Los beneficios económicos y estratégicos
El estudio analiza cómo distintos niveles de flexibilidad de los centros de datos afectan al sector eléctrico simulando el funcionamiento del sistema en 2035. Evalúa tres escenarios: un caso de referencia sin flexibilidad; un escenario de flexibilidad obligatoria, en el que se activa solo durante los picos de estrés del sistema; y un escenario hipotético de flexibilidad abierta en la UE, en el que los centros de datos movilizan todo su potencial para adaptarse a las necesidades del sistema.
El modelo se centra en los principales polos de centros de datos en Europa —ubicados en torno a ciudades clave de Alemania, Francia, Países Bajos, Irlanda y Reino Unido— así como en casos emergentes (Italia, Polonia, España, Suiza, Dinamarca y Suecia), donde se prevé que la demanda eléctrica de centros de datos alcance al menos 10 teravatios hora (TWh) y/o el 9 % de la demanda nacional en 2035. En los 11 países analizados, la menor necesidad de centrales térmicas en el escenario de flexibilidad obligatoria generaría ahorros de unos 500 millones de euros anuales. En el escenario de flexibilidad abierta, aproximadamente el 20 % de la demanda eléctrica de los centros de datos se trasladaría diariamente a momentos de abundante energía limpia. Esto evitaría 20 TWh de generación eléctrica basada en combustibles fósiles al año y reduciría los costes totales para los consumidores en 1.700 millones de euros anuales, principalmente por el ahorro en compras de gas.
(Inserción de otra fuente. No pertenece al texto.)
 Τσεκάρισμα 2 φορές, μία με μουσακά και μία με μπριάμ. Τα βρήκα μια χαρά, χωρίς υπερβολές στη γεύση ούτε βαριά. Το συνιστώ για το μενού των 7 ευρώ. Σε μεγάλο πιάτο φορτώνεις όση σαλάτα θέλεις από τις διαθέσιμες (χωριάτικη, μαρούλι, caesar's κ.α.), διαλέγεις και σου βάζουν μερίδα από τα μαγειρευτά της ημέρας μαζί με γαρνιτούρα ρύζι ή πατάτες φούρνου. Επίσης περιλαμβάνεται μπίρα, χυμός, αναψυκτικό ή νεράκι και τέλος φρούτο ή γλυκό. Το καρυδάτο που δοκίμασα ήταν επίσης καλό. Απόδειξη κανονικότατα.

Un paquete integral de políticas para apoyar las transiciones energética y digital
Para aprovechar el potencial de flexibilidad de los centros de datos, el estudio propone una serie de recomendaciones, subrayando que las medidas políticas deben integrarse en un marco coherente que alinee la expansión digital con los objetivos energéticos y climáticos de Europa. Una opción sin riesgo es incentivar la ubicación de nuevos centros de datos en zonas con alta disponibilidad de energías renovables y/o baja congestión de red. Esto puede lograrse integrando los centros de datos y su potencial de flexibilidad en la planificación de redes a nivel europeo, nacional y regional, junto con el refuerzo continuo de la red y el fomento de estrategias de compra de energía favorables al sistema, como los acuerdos de compra de energía (PPA) de origen local.
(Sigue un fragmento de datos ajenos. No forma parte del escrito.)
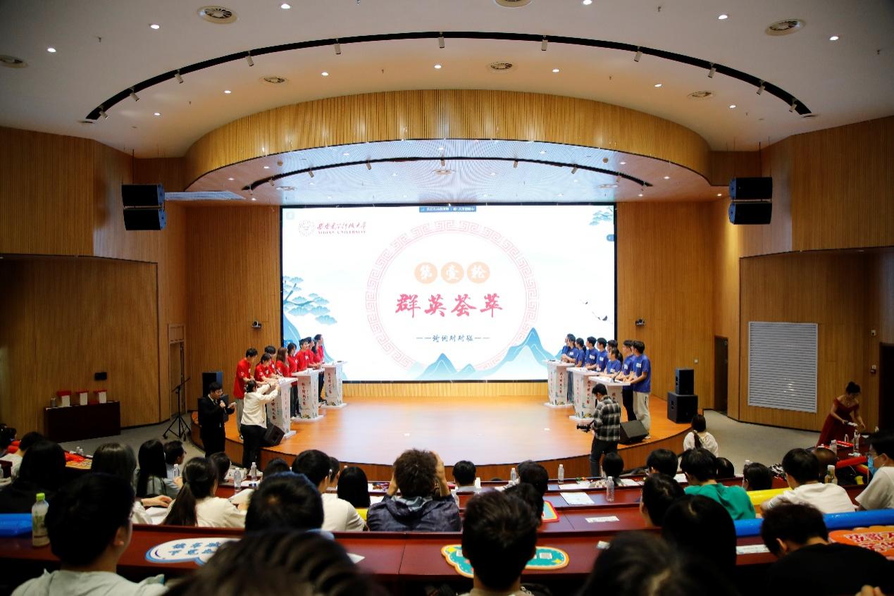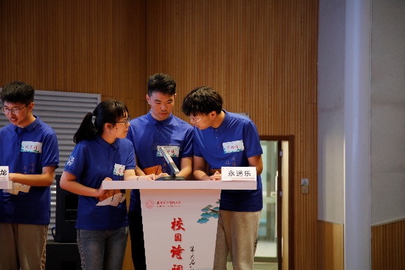 經(jīng)過(guò)初賽、復(fù)賽的層層選拔,18名同學(xué)進(jìn)入決賽環(huán)節(jié)。決賽分為群英薈萃(詩(shī)詞對(duì)對(duì)碰)、大浪淘沙(詩(shī)詞小劇場(chǎng))、誰(shuí)與爭(zhēng)鋒(詩(shī)詞線索題)和巔峰對(duì)決(飛花令)四輪進(jìn)行,采用本科生、研究生混合組隊(duì)答題形式進(jìn)行比賽。

El estudio también destaca la necesidad de marcos más armonizados para el acceso a la red. Promover modelos armonizados de Acuerdos de Conexión Flexible, alineados con el potencial de flexibilidad de nuevas conexiones —incluidos los centros de datos—, puede facilitar un acceso más rápido a redes congestionadas a cambio de compromisos de flexibilidad limitados y claramente definidos. Al mismo tiempo, ayudaría a reducir la fragmentación de prácticas nacionales y ofrecería mayor previsibilidad a inversores y operadores del sistema.
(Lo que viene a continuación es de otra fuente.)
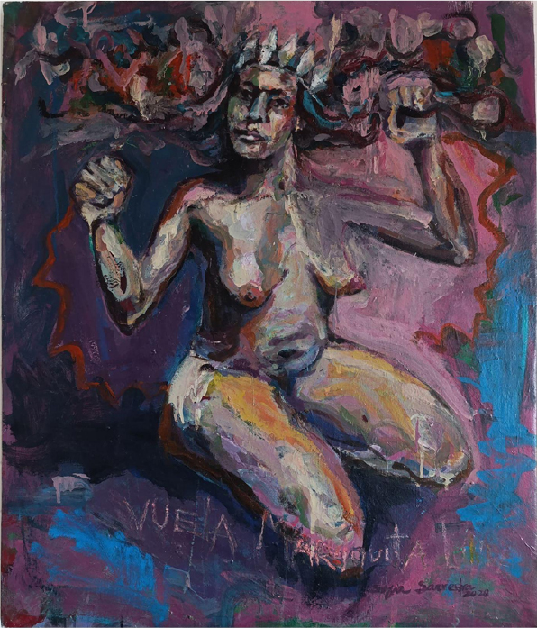 Venezuelan artist Sofía Saavedra, recent recipient of the Honorable Mention Award at the Baja California International Triennial, Tijuana 2021, presents in Puebla «Bird Woman, Transmutation of a Flight: Dreams and Freedoms as Spaces of Resistance». This pictorial exhibition features over 20 works in various formats, creating a narrative interplay that frames freedoms as flight, assigning political significance to the construction of human liberties from creative spaces. Through painting, she proposes the importance of stimulating and listening to the oneiric, erotic, playful, and creative realms as starting points for building emancipatory spaces for women.

Existen diversas herramientas y opciones políticas para aumentar la flexibilidad del sistema, que deberían utilizarse más ampliamente, ya que benefician a todos los usuarios de la red, incluidos los centros de datos. Entre ellas se incluyen una mayor granularidad de las zonas de precios para reflejar la congestión entre zonas en la formación de precios mayoristas, la introducción de tarifas dinámicas y cargos de red según el horario de uso, y el incentivo a soluciones inteligentes de calefacción o recarga. Por último, priorizando el uso de energías renovables y aplicando normas estrictas de eficiencia energética, hídrica y recuperación de calor, los responsables políticos pueden reforzar la sostenibilidad del crecimiento de los centros de datos, concluyen los autores.